G.I. Jobs is a private organization that surveys 7,000 schools nationwide about the services they provide to veterans and makes that information available through its magazine and website. Methodology for compiling the research was developed with assistance of an advisory board made up of educators from across the country.
To be named a Military Friendly School, a university is evaluated on such areas as flexibility in class scheduling and requirements, transferring academic credits, providing support for veterans, and academic accreditation.
UW-Superior provides a veterans benefits coordinator to help veterans understand their government education benefits and to arrange payment for their tuition and fees. The university also tries to maximize the number of military training and education credits that veterans can transfer to UW-Superior to apply toward their university degrees.
Roth said changes also have been made to assist veterans who begin their education and then are interrupted by a return to active duty.
"Our faculty members really understand that sometimes veterans may get called up, so we've adjusted our policies to accommodate student veterans who may have to return to active duty," she said.

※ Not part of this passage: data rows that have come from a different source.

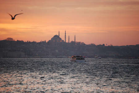 Istanbul, Turkey Historic Ferry Sails Past Majestic Suleymaniye Mosque on Bosphorus Strait.
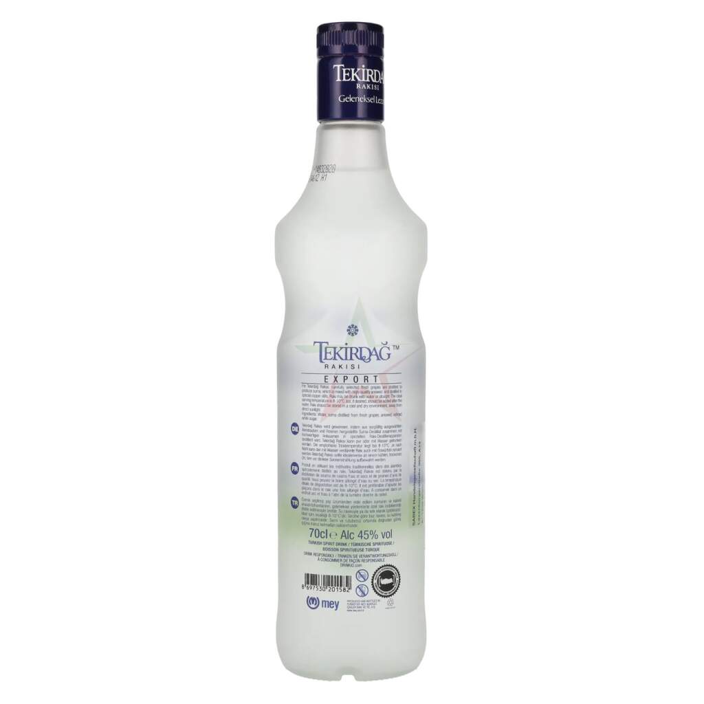 Entdecken Sie den Tekirdag Rakisi 45% Vol. 0,7l – ein Meisterwerk türkischer Destillationskunst. Dieser edle Raki verkörpert die Essenz der türkischen Kultur und Tradition. Hergestellt in der renommierten Region Tekirdag, wird er aus erlesenem Traubenalkohol und aromatischem Anis nach traditionellen Methoden doppelt destilliert. Das Ergebnis ist ein außergewöhnlich weiches und harmonisches Geschmacksprofil, das Kenner weltweit begeistert.
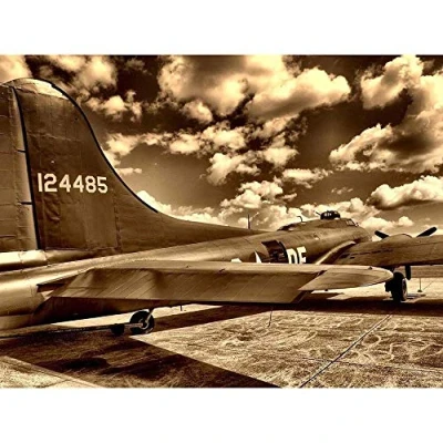 Wee Blue Coo B 17 Old Vintage Aeroplane War Sepia Art Print Poster Wall Decor 12X16 Inch
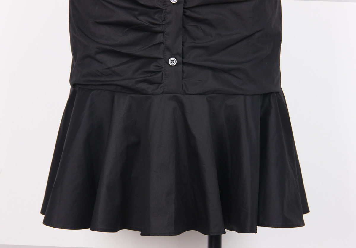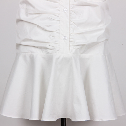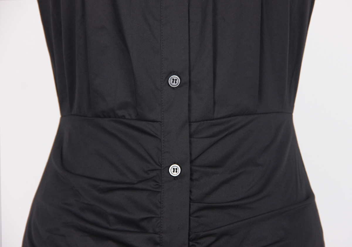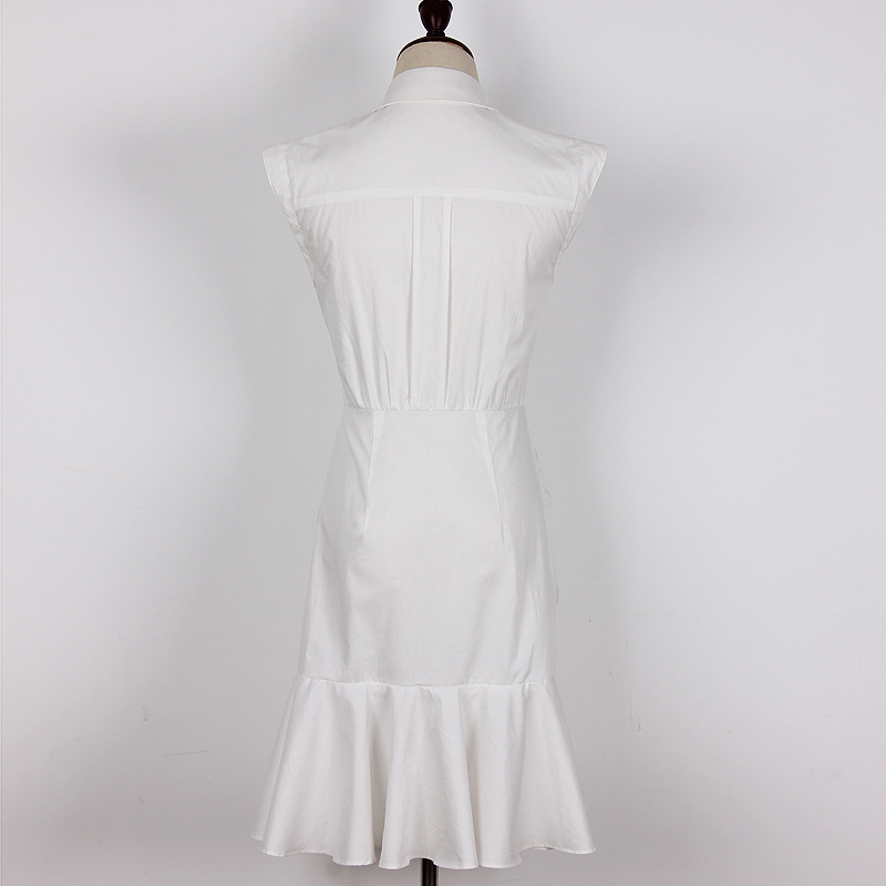 Indulge in sophistication with our Alice Cotton Dress. Designed with a regular fit and made from luxurious cotton, this dress features a solid color and delicate elements such as ruffles, ruching, and a buttoned neckline. The elegant, collared design is complemented by regular sleeves and a sleeveless style, making it suitable for any occasion. With a short, A-line length and high-quality cotton composition, this dress is perfect for the spring, summer, and fall seasons.
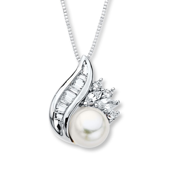 Cultured Pearl & White Lab-Created Sapphire Necklace Sterling Silver 18"
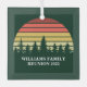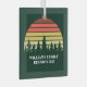 Cool jumelant des ornements de Noël en vert pour tout le groupe lors d'une sortie nature ou d'un séjour de camping. Ces cadeaux de conservation personnalisés présentent un magnifique coucher de soleil vintage sur une forêt de jolis arbres sous votre texte personnalisé.
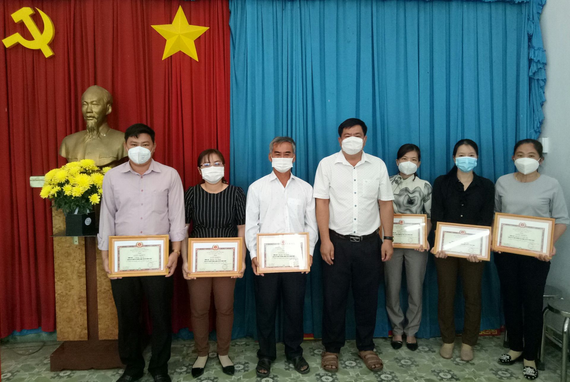 Ông Nguyễn Văn Ngách- Phó trưởng Ban Tổ chức Thị uỷ Trảng Bàng tặng giấy khen cho các cá nhân
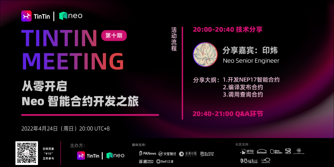 本期 TinTin Meeting 邀请了 Neo 的高级开发师印炜来作为技术分享嘉宾。本期的技术分享主题为「从零开启 Neo 智能合约开发之旅」。分享会上,印炜工程师以 C# 为例,通过编写、开发和运行简单的智能合约,让大家认知到,在 Neo 上面使用 Web2 的编程语言就能直接进行区块链开发。同时让开发者了解到了 Neo 上的智能合约框架,帮助开发者能够0基础快速掌握智能合约的编写与调试。
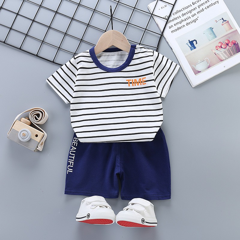 ชุดเสื้อยืดแขนสั้นและกางเกงขาสั้น เนื้อผ้าฝ้าย แฟชั่นฤดูร้อน สำหรับเด็กผู้ชายและผู้หญิง อายุ 0-5 ปี
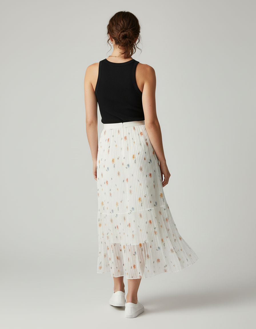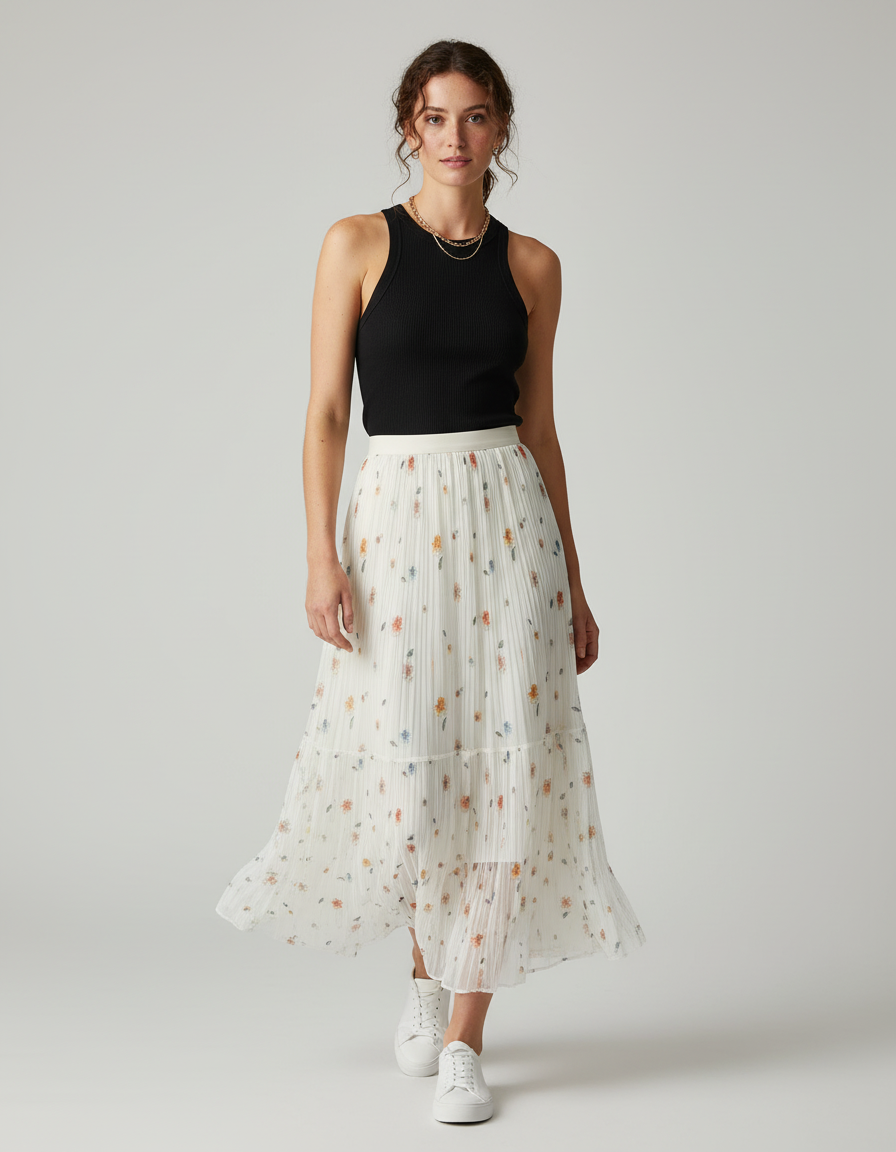 Pour un style quotidien chic et décontracté, mariez-la à un top uni ajusté et des baskets épurées, comme suggéré, pour une silhouette moderne et désinvolte. En soirée ou pour une occasion spéciale, elle se transforme aisément avec un chemisier fluide et des sandales à talon, révélant son potentiel sophistiqué. Cette jupe est la toile parfaite pour exprimer votre personnalité, fusionnant l'allure fleurie à une élégance intemporelle pour toutes vos envies.
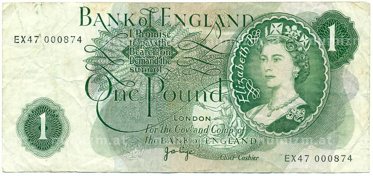 Банкнота 1 фунт 1970 года Великобритания (Банк Англии) (Артикул: K11-112741): подробные характеристики, качественные фотографии в высоком разрешении, низкая цена.
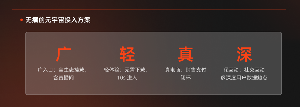 我们自始于22年发布了第一个元空间开始,已经在此领域内累计了大量的经验和技术积淀。为了降低创作者们的开发使用难度,我们基于内部的制作流程,进行了进一步封装。我们看到,借助于工具化的产品助力,能大量减少团队内部在重复性工作上的投入,让我们可以将更多的精力集中在内容的创新传达上。这样不仅能更好地帮助我们进行数字化升级,更能顺利完成品牌空间的搭建。
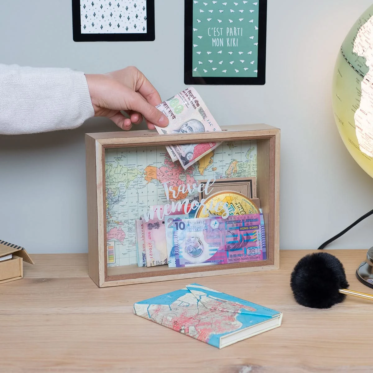 Cette boîte permet de prolonger votre voyage en conservant tous vos meilleurs souvenirs : billets de tramway, monnaies étrangères, entrées de musées, cartes de visite… Toutes ces choses dont vos poches sont pleines à votre retour de voyage et qui font que vos vacances ont été uniques. Glissez les simplement à travers la fente, comme dans une tirelire. La boîte à souvenirs est la meilleure façon de ne rien oublier ! Vous pourrez admirer tout ces souvenirs à travers la vitre transparente. Les photos avaient leur album… Désormais vos souvenirs ont leur boîte !
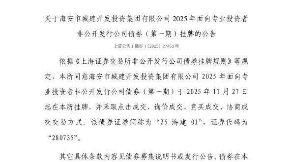 11月26日,上交所发布关于海安市城建开发投资集团有限公司2025年面向专业投资者非公开发行公司债券(第一期)挂牌的公告。
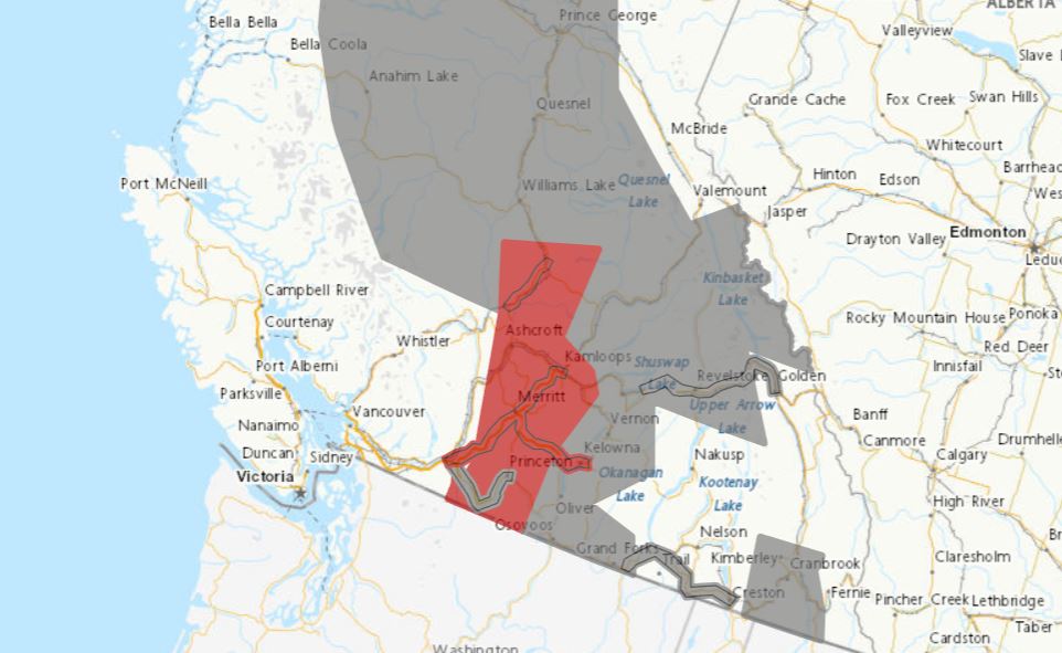 Issued at noon on Tuesday by Environment Canada and updated on Wednesday morning, the alert stretches from north of Prince George, through the Cariboo, and into the Okanagan to the U.S. border. It also includes pockets in the Kootenays.

UW-Superior currently has enrolled about 150 military veterans and 50 family members of veterans. Roth said she believes they feel comfortable on campus because the university has many students of non-traditional age attending classes.
Tammy Fanning, assistant to the dean of students, said UW-Superior's size and its tradition of providing personal service also appeals to many veterans.
"We make every effort to assist them as they transition from the military to campus," she said. "Being able to individualize our services is why we're so successful."
Bill Cradick, a sophomore from Waconia, Minn., and a Marine Corps veteran, experienced that service when his education benefits from the Veterans Administration were slow in arriving. "The (university) said that they would not make me pay any fees until I was given the money by the VA," he said.
Fanning, who also is advisor to the campus Vets Club, said the university has brought in speakers from the Veterans Administration and the Douglas County Veterans Services Office to help keep veterans informed of benefits and services available to them.